Table 5 shows findings from the age-adjusted and multivariate-adjusted regression models for the associations between p53 protein overexpression and p53 mutations and breast cancer-specific and all-cause mortality. In the age-adjusted model, protein overexpression was not associated with breast cancer mortality, while the presence of any p53 mutation increased the hazard ratio for breast cancer-specific mortality by 1.7-fold (HR=1.7, 95%CI=1.0–2.8); p53 missense mutations increased the risk of breast cancer-specific mortality by 2-fold (HR=2.0, 95%CI=1.1–3.6) and nonsense mutations 3-fold (HR=3.0, 95%CI=1.1–8.1). Other p53 mutations had no effect. For all-cause mortality, any p53 mutation was associated with a 1.5-fold increased risk of mortality (HR=1.5, 95%CI=1.0–2.4) and missense mutations with a doubling of the risk (HR=2.0, 95%CI=1.2–3.4). Further analysis of the effect of p53 mutations on survival revealed that missense mutations in the DBD were responsible for the effect, while the effect of missense non-DBD mutations was not significant (data not shown). These strong associations, however, did not remain after adjusting for ER/PR status (HR = 1.2, 95% CI = 0.6–2.4 for breast cancer-specific mortality, and HR = 1.3, 95%CI = 0.7–2.3 for all-cause mortality).
Table 5
Table 5
Univariate and multivariate hazard ratios (HR) and 95% confidence intervals (CI) for beast-cancer specific and all-cause mortality in relation to p53 protein overexpression and p53 mutations (missense, nonsense, silent, frameshift/in frame),among LIBCSP (more ...)
When stratifying by ER/PR status (data not shown), nonsense mutations were positively, but not statistically significantly, associated with breast cancer-specific and all-cause mortality (HR = 2.0, 95%CI 0.7–13.3; and HR = 2.2, 95%CI=0.5–9.2) among women with ER+/PR+ tumors only. There was no association between nonsense mutation and mortality among women with ER-/PR- tumors (HR=1.0, 95% CI=0.2–3.4 and HR=0.6, 95% CI=0.2–2.7, respectively). There were no associations with the other mutation types after stratifying by ER/PR status, but these results are limited by the small numbers of subjects in some strata.
In the present study, we observed a significant association between the presence of overexpression of p53 protein assessed by immunohistochemistry and p53 mutations, particularly missense mutations. However, in multivariate analysis, adjusting for age, ER/PR status, tumor stage and type of mutation, we failed to demonstrate a role for either mutations in p53 or protein overexpression in breast-cancer specific or all-cause mortality.
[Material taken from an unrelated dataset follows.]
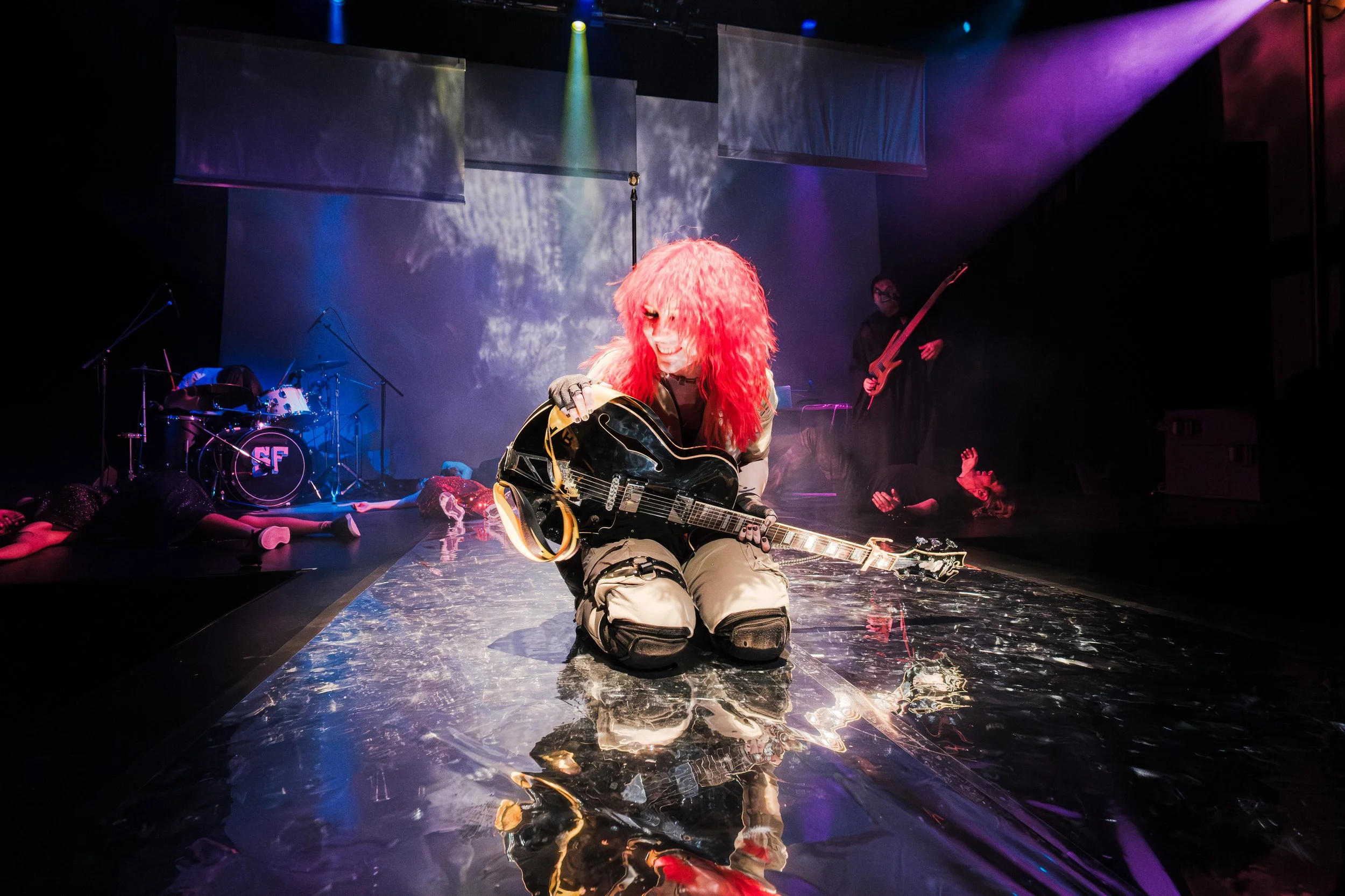 Throughout the night, SHY FRiEND acted as both a musical anchor and emotional accelerant. Created by classical composer and self-described “online goblin” Jubs, SHY FRiEND’s music threaded through the evening — sometimes foregrounded, sometimes bleeding into movement and theatrical scenes. Their sound, equal parts alt-pop melodrama and queer irreverence, gave the night a flow that was interpretive, fluid, and emotion.

When compared with the IARC database, we observed a lower proportion of missense mutations (53.0% vs. 73.3%) and higher frequency of silent and frameshift/in frame mutations (19.2% vs. 4.7%; 17.2% vs. 10.5% for our study and the IARC database, respectively). For mutational screening, we selected a method based on the use of Surveyor nuclease previously shown to have a high sensitivity comparable with the ABI3100 capillary sequencer [17]. The method has been successfully used in various applications, including detection of heteroplasmic mitochondrial DNA mutations [21], detection of mutations in the hCDC4 gene in patients with acute myeloid leukemia [22] and p53 mutations in exons 5–8 in patients with hematological malignancies [23]. Due to the decreasing costs of sequencing, future studies will not be required to utilize this prescreening method because it is no longer cost effective.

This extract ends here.